Development of Charge Transport Model to Study the Diffusion-Controlled Dissolution and Multi-Pit Interaction in Pitting Corrosion

Abstract

Recently, we developed a reaction-transport model that incorporates diffusion, migration, and complexation to examine the charge transport inside a one-dimensional corrosion pit [1]. In this presentation, we will demonstrate the application of this model to study the “diffusion-controlled” dissolution of a metal in a pit from a more advanced point of view, such that the limiting anodic current density varies with the bulk NaCl concentration. An analytical result on anodic limiting current density as functions of pit depth, diffusivity, and chloride concentration was derived explicitly and coupled with artificial pit experiments. In a dilute chloride solution with low conductivity, the limiting current density is increased due to the increase of the migration flux near the pit mouth.

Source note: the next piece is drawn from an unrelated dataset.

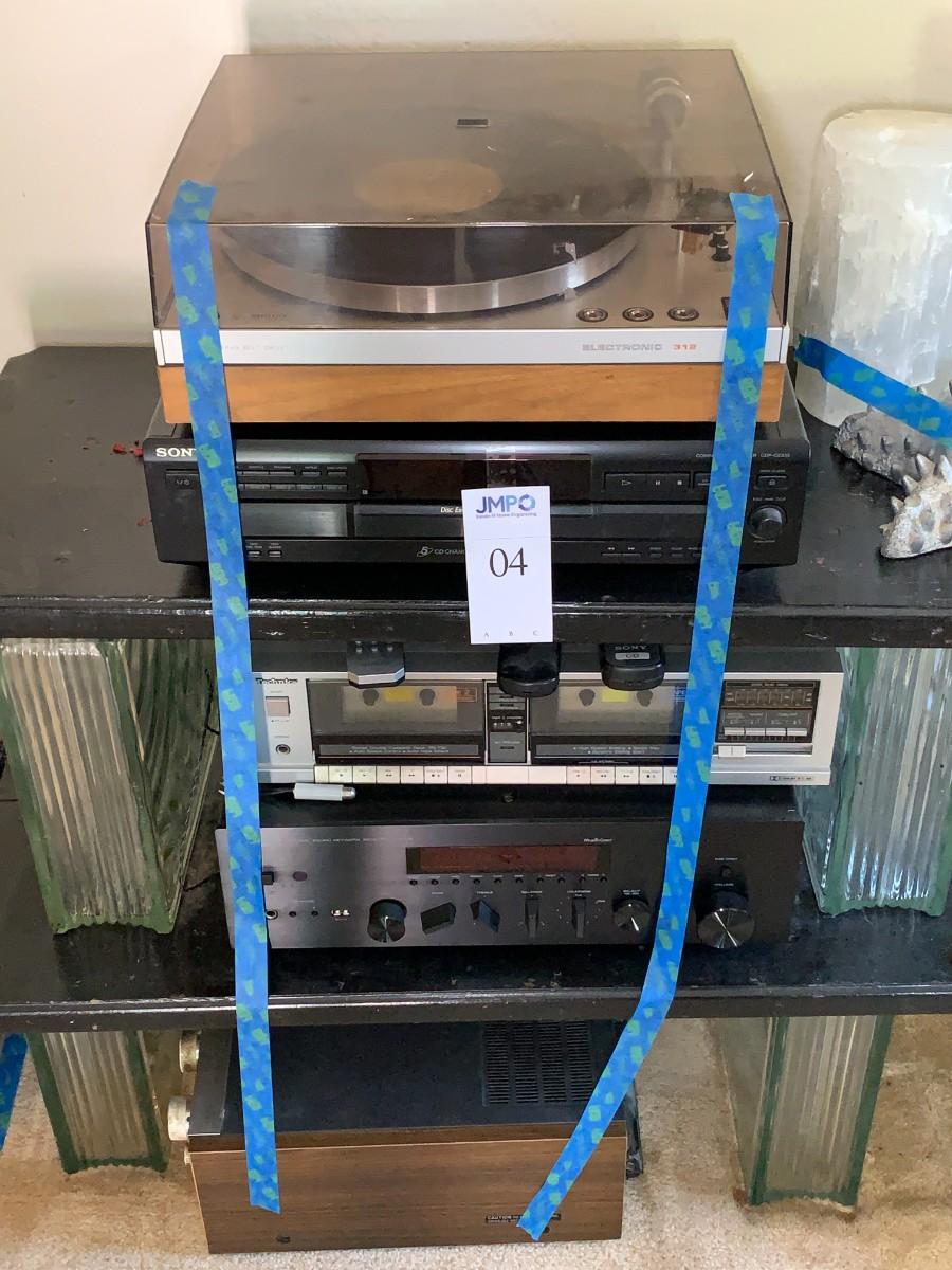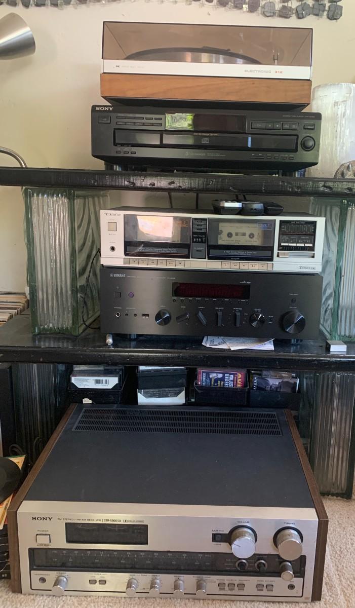 Sony Stereo/Receiver, STR-5800 SD. Technics dual cassette recorder/player. Yamaha receiver R-N602. Sony 5 CD player. Vintage Turntable: Philips Electronic 312, DC servo belt drive. Does not include cassettes, shelves or blocks in photos All components turn on, not tested.

On the other hand, the presence of Na+ at the bottom of the pit is significant for moderate to high bulk NaCl concentrations, which increases the limiting current density to some degree. The proposed full mass transport model can be used to predict limiting current densities at different ranges of bulk NaCl solutions. At above 2.5 M NaCl, the conventional diffusion-only model can give reasonably accurate results, but the effect of Na+ at the bottom of the pit on the solubility of metal ions and the limiting current density should be considered.Finally, we will discuss the extension of the current work to the two-dimensional pit model to investigate the propagation and the interaction mechanism of multiple pits. The 2D multi-pit simulation under galvanostatic conditions shows the interaction between pits of different sizes. Due to the increase of the local chemistry inside the larger pit, the dissolution rate at the surface is faster and suppresses the growth of the neighboring pits.Reference: V. A. Nguyen, A. G. Carcea, M. Ghaznavi and R. C. Newman, The Effect of Cation Complexation on the Predicted “B” Value in Galvele’s Pit Model, J. Electrochem. Soc., 166, C3297 (2019).